### Problem description
Retype every line of the data below, starting with the first and ending with the line that contains "Polis Teşkilatımızın 175.Kuruluş", but leave out the pictures.

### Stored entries
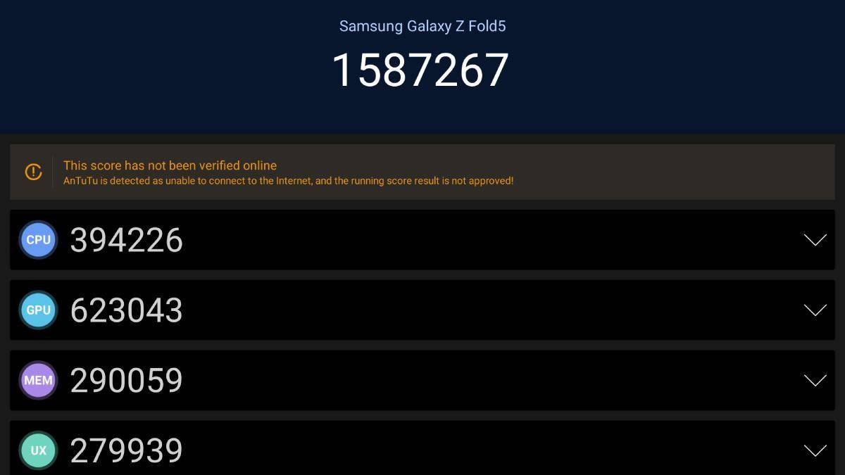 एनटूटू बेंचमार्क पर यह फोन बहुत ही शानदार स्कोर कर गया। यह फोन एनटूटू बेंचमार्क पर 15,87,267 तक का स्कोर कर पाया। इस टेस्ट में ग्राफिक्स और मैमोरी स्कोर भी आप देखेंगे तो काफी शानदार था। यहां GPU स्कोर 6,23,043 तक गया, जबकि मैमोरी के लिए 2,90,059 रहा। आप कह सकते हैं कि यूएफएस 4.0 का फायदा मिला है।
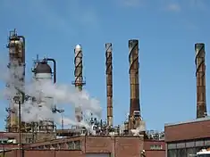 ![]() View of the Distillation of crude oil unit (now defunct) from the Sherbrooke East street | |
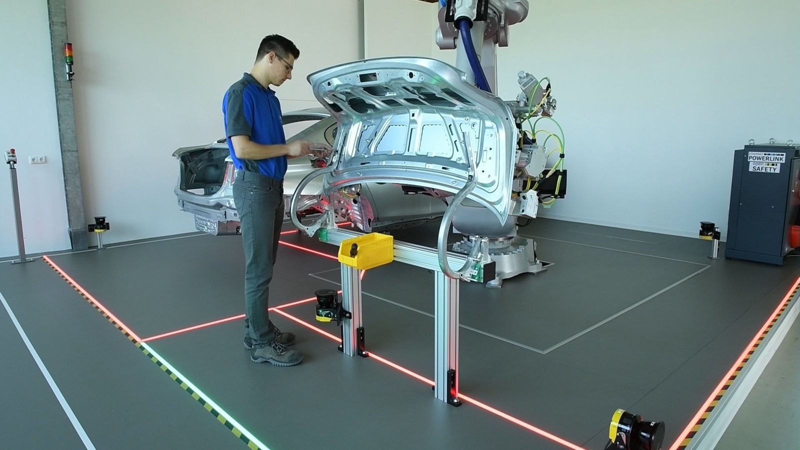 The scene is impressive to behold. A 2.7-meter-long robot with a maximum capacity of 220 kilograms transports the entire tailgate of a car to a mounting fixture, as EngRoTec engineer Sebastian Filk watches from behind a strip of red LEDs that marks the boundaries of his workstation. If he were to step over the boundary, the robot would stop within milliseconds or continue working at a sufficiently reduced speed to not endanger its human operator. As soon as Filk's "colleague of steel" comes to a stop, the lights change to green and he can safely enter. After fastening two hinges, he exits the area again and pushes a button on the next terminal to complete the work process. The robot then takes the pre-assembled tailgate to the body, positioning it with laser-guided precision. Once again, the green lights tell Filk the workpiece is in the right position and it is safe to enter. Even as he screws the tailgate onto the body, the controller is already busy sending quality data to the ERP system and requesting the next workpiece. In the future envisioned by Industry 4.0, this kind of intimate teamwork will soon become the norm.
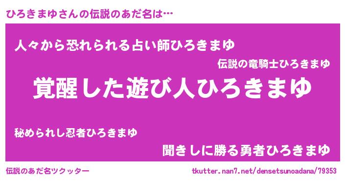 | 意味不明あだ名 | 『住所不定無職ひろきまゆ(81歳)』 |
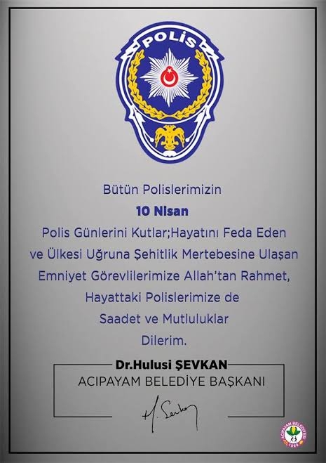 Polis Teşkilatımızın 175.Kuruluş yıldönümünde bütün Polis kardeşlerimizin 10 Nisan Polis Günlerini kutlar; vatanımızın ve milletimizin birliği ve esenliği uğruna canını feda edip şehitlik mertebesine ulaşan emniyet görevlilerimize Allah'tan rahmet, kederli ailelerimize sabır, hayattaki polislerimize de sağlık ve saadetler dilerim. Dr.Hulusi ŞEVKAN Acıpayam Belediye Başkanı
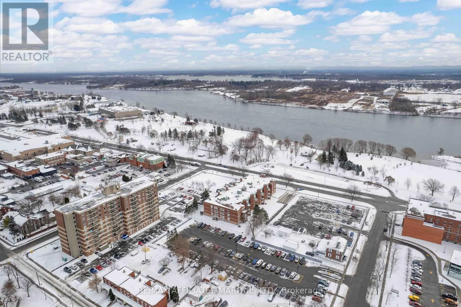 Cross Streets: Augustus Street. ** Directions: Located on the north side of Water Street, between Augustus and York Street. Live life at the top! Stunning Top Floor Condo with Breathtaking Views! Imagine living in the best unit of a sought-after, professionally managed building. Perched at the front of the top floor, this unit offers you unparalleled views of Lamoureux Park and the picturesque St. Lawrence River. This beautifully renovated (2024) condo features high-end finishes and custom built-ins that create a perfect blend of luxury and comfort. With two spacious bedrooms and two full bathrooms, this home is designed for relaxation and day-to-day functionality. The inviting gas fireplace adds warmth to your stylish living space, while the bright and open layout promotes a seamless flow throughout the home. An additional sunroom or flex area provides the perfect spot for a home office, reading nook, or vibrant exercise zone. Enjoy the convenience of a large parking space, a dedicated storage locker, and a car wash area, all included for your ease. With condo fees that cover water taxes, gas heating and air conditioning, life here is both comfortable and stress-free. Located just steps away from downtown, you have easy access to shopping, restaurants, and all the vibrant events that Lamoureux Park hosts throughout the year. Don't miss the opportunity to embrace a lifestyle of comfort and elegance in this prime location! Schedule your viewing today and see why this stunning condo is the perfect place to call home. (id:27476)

### Solution to the problem
 एनटूटू बेंचमार्क पर यह फोन बहुत ही शानदार स्कोर कर गया। यह फोन एनटूटू बेंचमार्क पर 15,87,267 तक का स्कोर कर पाया। इस टेस्ट में ग्राफिक्स और मैमोरी स्कोर भी आप देखेंगे तो काफी शानदार था। यहां GPU स्कोर 6,23,043 तक गया, जबकि मैमोरी के लिए 2,90,059 रहा। आप कह सकते हैं कि यूएफएस 4.0 का फायदा मिला है।
 ![]() View of the Distillation of crude oil unit (now defunct) from the Sherbrooke East street | |
 The scene is impressive to behold. A 2.7-meter-long robot with a maximum capacity of 220 kilograms transports the entire tailgate of a car to a mounting fixture, as EngRoTec engineer Sebastian Filk watches from behind a strip of red LEDs that marks the boundaries of his workstation. If he were to step over the boundary, the robot would stop within milliseconds or continue working at a sufficiently reduced speed to not endanger its human operator. As soon as Filk's "colleague of steel" comes to a stop, the lights change to green and he can safely enter. After fastening two hinges, he exits the area again and pushes a button on the next terminal to complete the work process. The robot then takes the pre-assembled tailgate to the body, positioning it with laser-guided precision. Once again, the green lights tell Filk the workpiece is in the right position and it is safe to enter. Even as he screws the tailgate onto the body, the controller is already busy sending quality data to the ERP system and requesting the next workpiece. In the future envisioned by Industry 4.0, this kind of intimate teamwork will soon become the norm.
 | 意味不明あだ名 | 『住所不定無職ひろきまゆ(81歳)』 |
 Polis Teşkilatımızın 175.Kuruluş yıldönümünde bütün Polis kardeşlerimizin 10 Nisan Polis Günlerini kutlar; vatanımızın ve milletimizin birliği ve esenliği uğruna canını feda edip şehitlik mertebesine ulaşan emniyet görevlilerimize Allah'tan rahmet, kederli ailelerimize sabır, hayattaki polislerimize de sağlık ve saadetler dilerim. Dr.Hulusi ŞEVKAN Acıpayam Belediye Başkanı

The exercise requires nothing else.